Training samples: (1973, 8)
Test samples: (1063, 8)
Counts in training:
0    1700
1     273
Name: avalanche, dtype: int64
Counts in test:
0    916
1    147
Name: avalanche, dtype: int64


- all observations imported above where shuffled and split into a training set of ~2000 samples and a test set of ~ 1000 samples.
- in the following, the training set is used to train an algorithm and the performance is assessed by calculating TNR and FNR score of the trained algorithm on the untouched test set
- to achieve "final" performance scores somewhat more elaborate cross-validation schemes are necessary, but for a coarse comparison this should be sufficient

## 6.0 Dummy classification
- A classifier that randomly assigns predictions to be true with a probability given by the share of positive samples in the dataset

In [18]:
print('\nStratified dummy:')
dummy=DummyClassifier(strategy='stratified')
dummy.fit(X_train,y_train)
confusion = confusion_matrix(y_test,dummy.predict(X_test))
score=1-recall_score(y_test,dummy.predict(X_test))
print(confusion)
print('FNR: {:.2f}'.format(FNR_score(y_test,dummy.predict(X_test))))
print('TNR: {:.2f}'.format(FNR_score(y_test,dummy.predict(X_test))))


Stratified dummy:
[[790 126]
 [124  23]]
FNR: 0.88
TNR: 0.88


- So without further knowledge about the bulletin/terrain, only knowing how much accidents there are in the dataset, one would have an FNR of nearly 90%, and reject about 10% of actually save tours. This serves as tentative baseline for the methods introduced below.

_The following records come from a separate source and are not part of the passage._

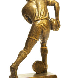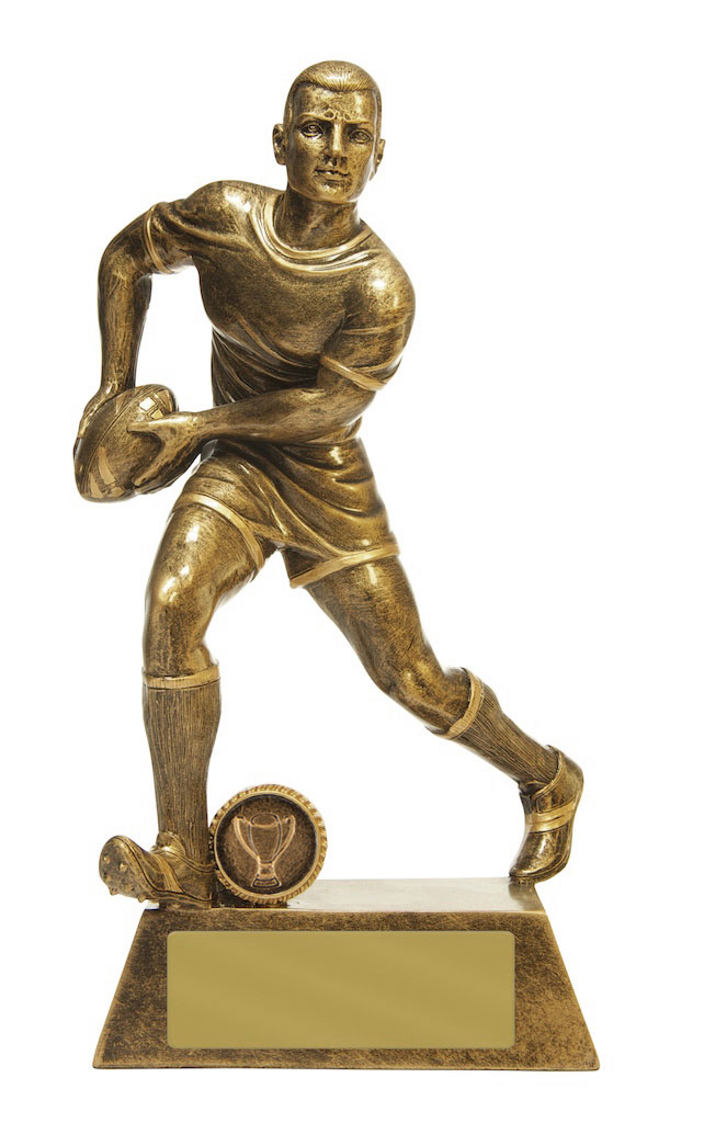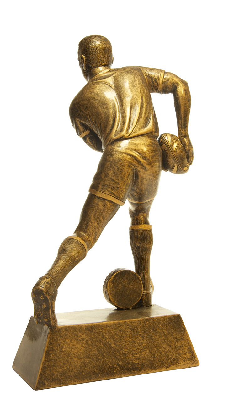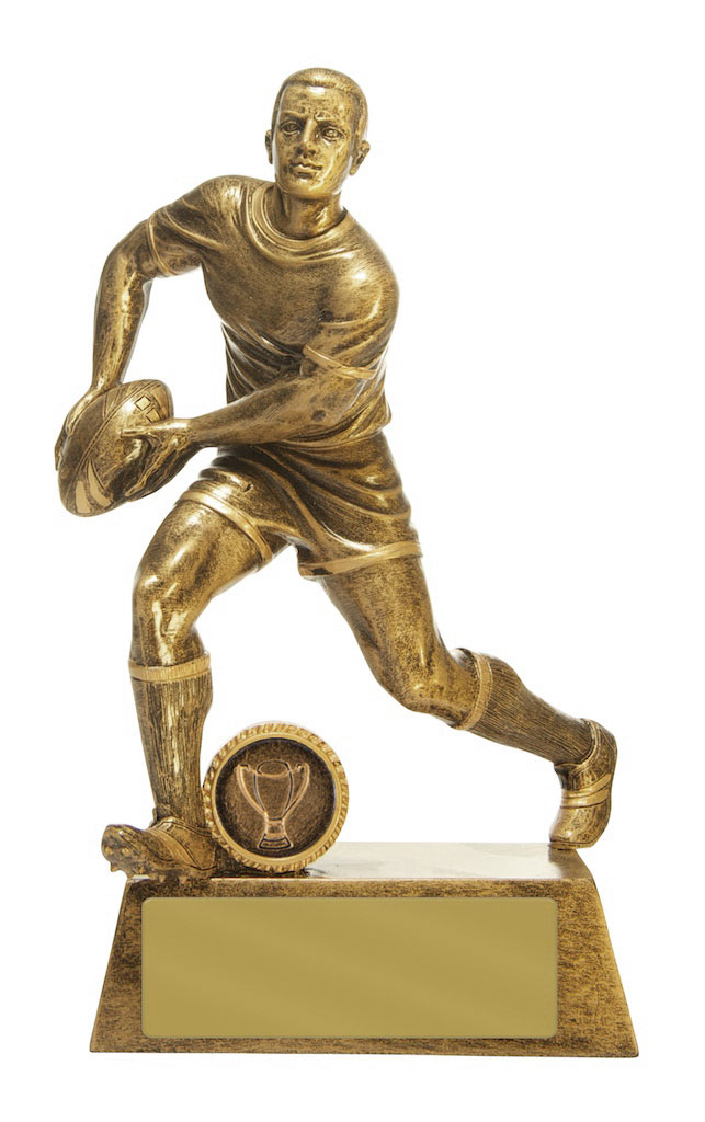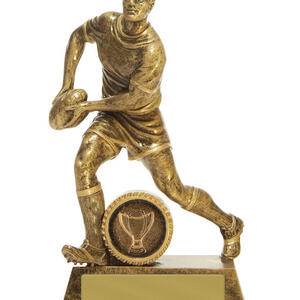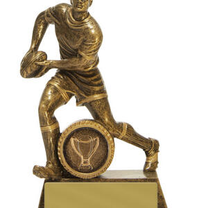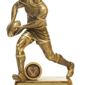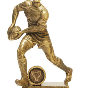 Celebrate rugby achievement with this striking rugby trophy, featuring a bronze figurine of a player in mid action holding a rugby ball. The detailed 3D finish captures movement and focus, while the gold toned figure stands proudly on top a solid base.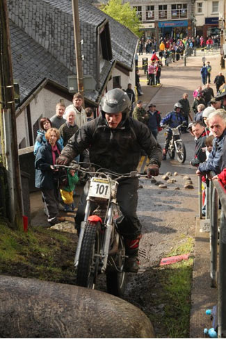 Cojes la carretera que sube hacie el Ben Nevis y a seguir... Se llega entonces a las zonas de Achintee, que son nuevas desde el año psado y después sigues subiendo hasta las seis duras zonas de Ben Nevis, con piedras muy grandes, resbaladizas y con mucha agua. Con las dos zonas de Nevis Forest anuladas, tienes un respiro y mucha más tranquilidad para completar el recorrido en el tiempo, ya sólo queda llegar a Fort William, cruzar el pueblo por estrechas calles y llegar a una de las zonas más antiguas de la carrera, Town Hall Brae, una cuesta junto a un muro, entre las casas del pueblo, a la que hace unos años se le han añadido unas piedras grandes porque ya resultaba muy facil para las motos acuales.
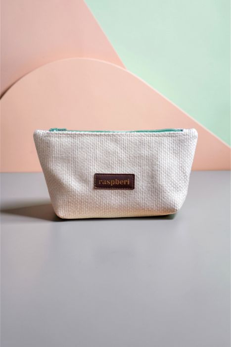 Średniej wielkości kosmetyczka wykonana z jasnej plecionki.
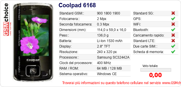 Dati del telefono cellulare Coolpad 6168 sul tuo sito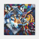 A vibrant colorful ai illustration of a wolf and an owl in a mosaic stained glass effect. A nice magnet for those who love wildlife.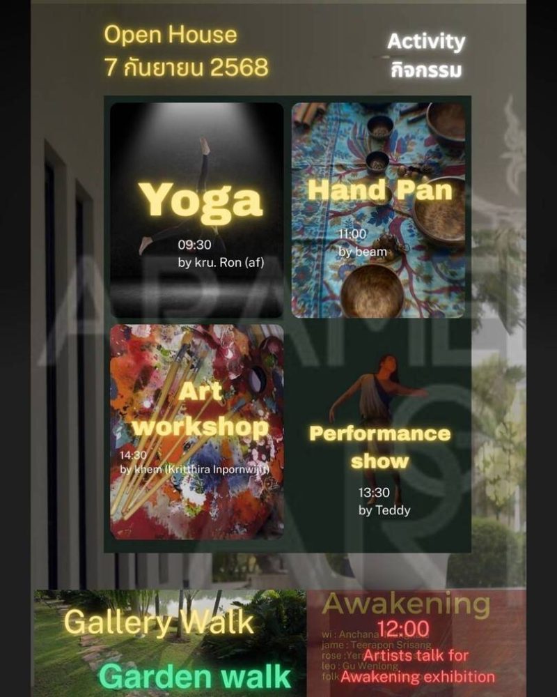 นอกจากกิจกรรมด้านศิลปะแล้ว ยังมีการสนทนาธรรมกับพระอาจารย์สุรศักดิ์ จรณธัมโม เพื่อให้ความรู้และสร้างความเข้าใจที่ลึกซึ้งยิ่งขึ้นเกี่ยวกับการเจริญสติอีกด้วย งานนี้จึงเป็นโอกาสอันดีสำหรับผู้ที่ต้องการหาสถานที่พักผ่อนกายและใจ พร้อมรับแรงบันดาลใจในการใช้ชีวิตอย่างมีสติ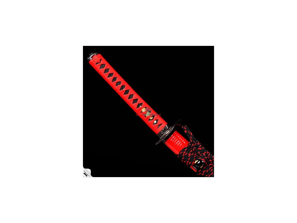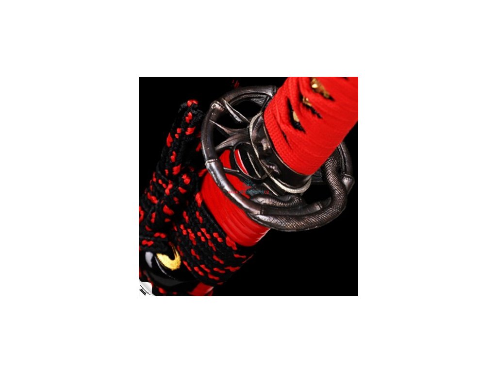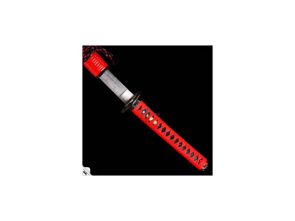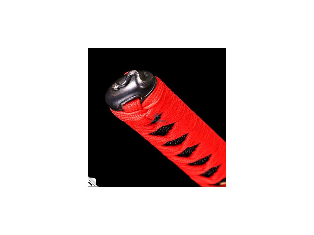 ✅ Tsuka - dřevěné jádro, potažena pravou rejnočí kůží (Samegawa), s červenou omotávkou. Čepel zajištěna 2 bambusovými kolíky "mekugi"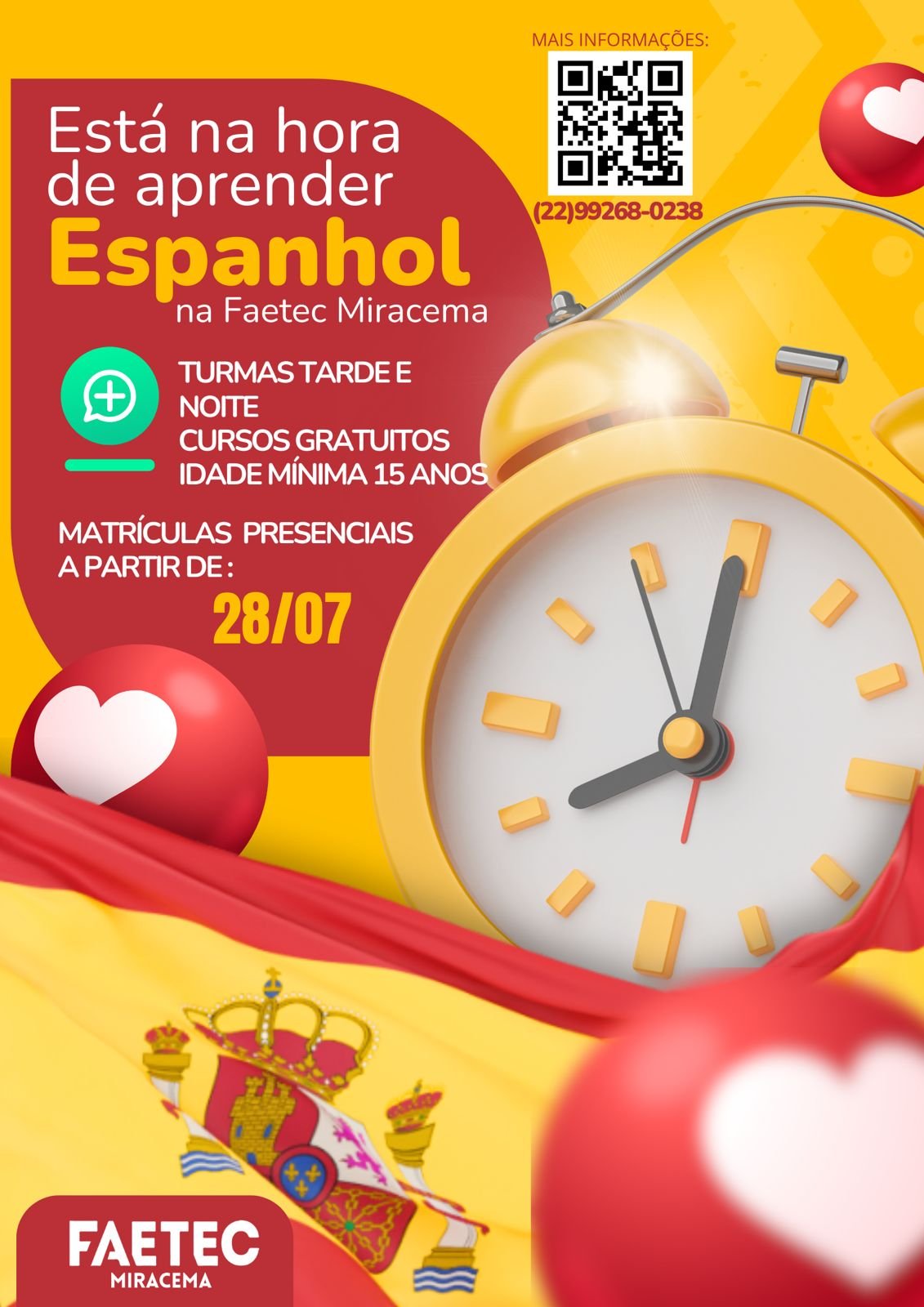 Para quem deseja aprender um novo idioma, o curso de Espanhol terá turmas nos turnos da tarde e noite, com matrículas presenciais também a partir de 28/07/2025.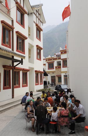 步行在以土黃色為基調(diào)的新映秀鎮(zhèn)的大街小巷,坐在街邊竹椅上曬著太陽(yáng)的老人、奔跑在巷道嬉戲歡快的孩童、忙著裝修或打掃收拾新房的男女,無(wú)不散露出一種溫暖。汶川縣縣長(zhǎng)張通榮對(duì)記者說(shuō),我們用藏、羌、漢等多民族風(fēng)格建造民房盡力讓它不單調(diào);我們沿河做景觀、做綠化,盡力讓過(guò)境湍流能為小鎮(zhèn)帶來(lái)生趣、祥和;我們建造抗震救災(zāi)紀(jì)念館,盡力營(yíng)造“祭奠逝者、感恩愛(ài)者、溫暖生者”的氣氛……讓“災(zāi)難的小鎮(zhèn)”變成一個(gè)“溫情的小鎮(zhèn)”。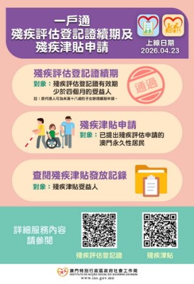 【本報消息】為配合特區政府電子政務發展,社會工作局由4月23日起於一戶通提供殘疾評估登記證續期及殘疾津貼申請服務。凡持有效期少於四個月的殘疾評估登記證受益人,可透過一戶通辦理續期申請。受益人只須於一戶通帳戶內選取殘疾評估登記證續期服務,填寫個人資料及上載照片,核對資料無誤後進行面容識別,即可完成相關申請程序。此外,原代理人更可透過一戶通個人帳戶為未滿18歲的子女辦理續期申請,操作方式與個人申請大致...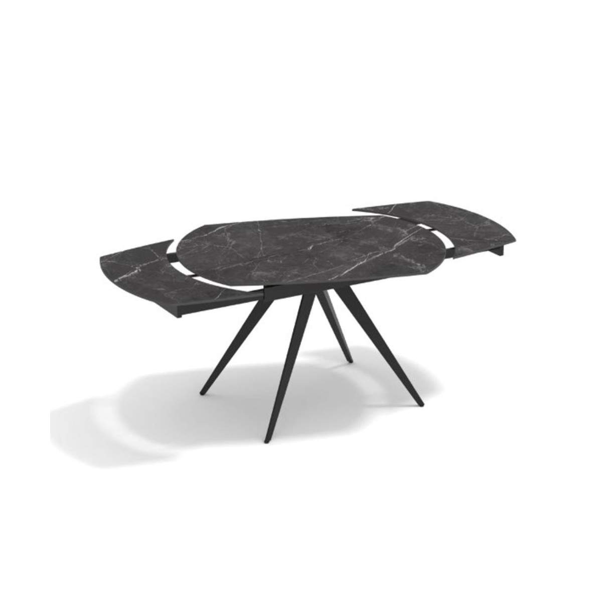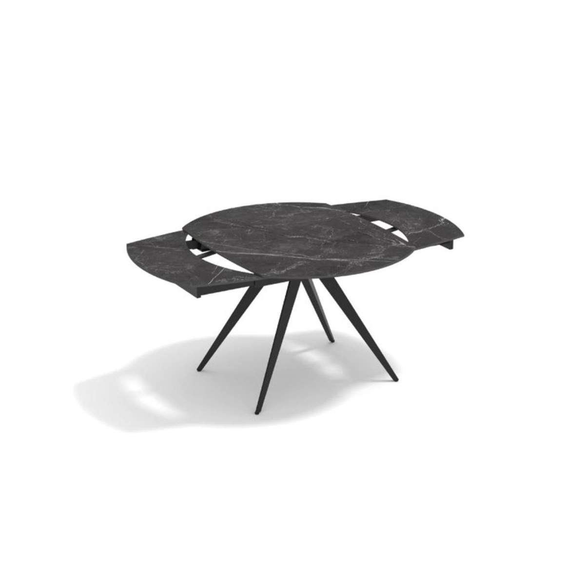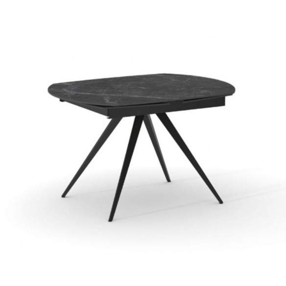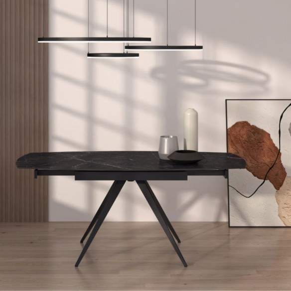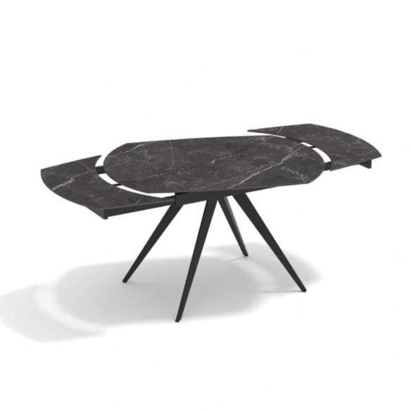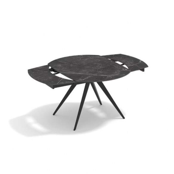 Tavolo allungabile LUNA rotante con base in metallo colore nero, pino opaco arrotondato in ceramica finiture marmo nero con 2 allunghe da 30 cm

## 6.1 Logistic classification
- A linear parametrization of the class posterior probability
- Set $$p(C=1\mid x)=\sigma(w^Tx+w_0)$$ with $\sigma$ the sigmoid function, $x$ the feature vector and $w$ parameters to be fitted to the data
- Maximize the likelihood $$min_w \prod_i \sigma(w^Tx_i+w_0)^{y_i}\cdot (1-\sigma(w^Tx_i+w_0))^{1-y_i}$$ with $x_i, y_i$ being the i-th observation of the in/dependent variable with respect to the model parameters $w$
- Having the max. likelihood parameters for $w$ predictions for a new, unseen $x_{N+1}$ can be made i.e. the sample is assigned to the class with the larger posterior probability $p(C\mid x_{N+1})$ 

In [20]:
# numerical solver parameters
solver = 'lbfgs'
penalty = 'l2'
max_iter = 1e4
tol = 1e-6
random_state=42
num_string='rnd_splt: '+str(random_state_split)+', '+'rnd_num: '+str(random_state)+', '+\
           'tol: '+str(tol)+', '+'max_iter: '+str(max_iter)+', '+\
           'penalty: '+str(penalty)+', '+'solver: '+str(solver)


In [26]:
%matplotlib notebook
training_fnr = []
test_fnr = []
training_tnr = []
test_tnr = []
test_confusion = []
parameters = [1e-6,1e-4,1e-2,1,1e4,1e4,1e5]

for p in parameters:
    # build the model
    logit=LogisticRegression(solver='lbfgs',penalty=penalty,C=p,random_state=random_state,max_iter=max_iter,tol=tol,n_jobs=-1,
                            fit_intercept=True,class_weight='balanced')
    poly=PolynomialFeatures(degree=3,interaction_only=False,include_bias=False)
    pipe = make_pipeline(RobustScaler(),poly,IT(),logit) 
    
    pipe.fit(X_train, y_train)
    training_fnr.append(FNR_score(y_train,pipe.predict(X_train)))
    test_fnr.append(FNR_score(y_test,pipe.predict(X_test)))
    
    training_tnr.append(TNR_score(y_train,pipe.predict(X_train)))
    test_tnr.append(TNR_score(y_test,pipe.predict(X_test)))
    
    test_confusion.append(confusion_matrix(y_test,pipe.predict(X_test)))
min_idx  = np.argmin(test_fnr)  
fig,ax=plt.subplots(figsize=(8,6))
plt.semilogx(parameters, training_fnr, label="training FNR",linestyle='-',c='b')
plt.semilogx(parameters, test_fnr, label="test FNR",linestyle='-',c='r')
plt.semilogx(parameters, training_tnr, label="training TNR",linestyle='--',c='b')
plt.semilogx(parameters, test_tnr, label="test TNR",linestyle='--',c='r')
plt.ylabel("Scores")
plt.ylim(0,1)
plt.title('Logistic regression')
plt.xlabel("C (increasing complexity)")
plt.legend(loc='upper right')
text=''.join([str(key)+': '+value.get_params().__str__().replace(', ','\n')+' \n' for key, value in pipe.named_steps.items()])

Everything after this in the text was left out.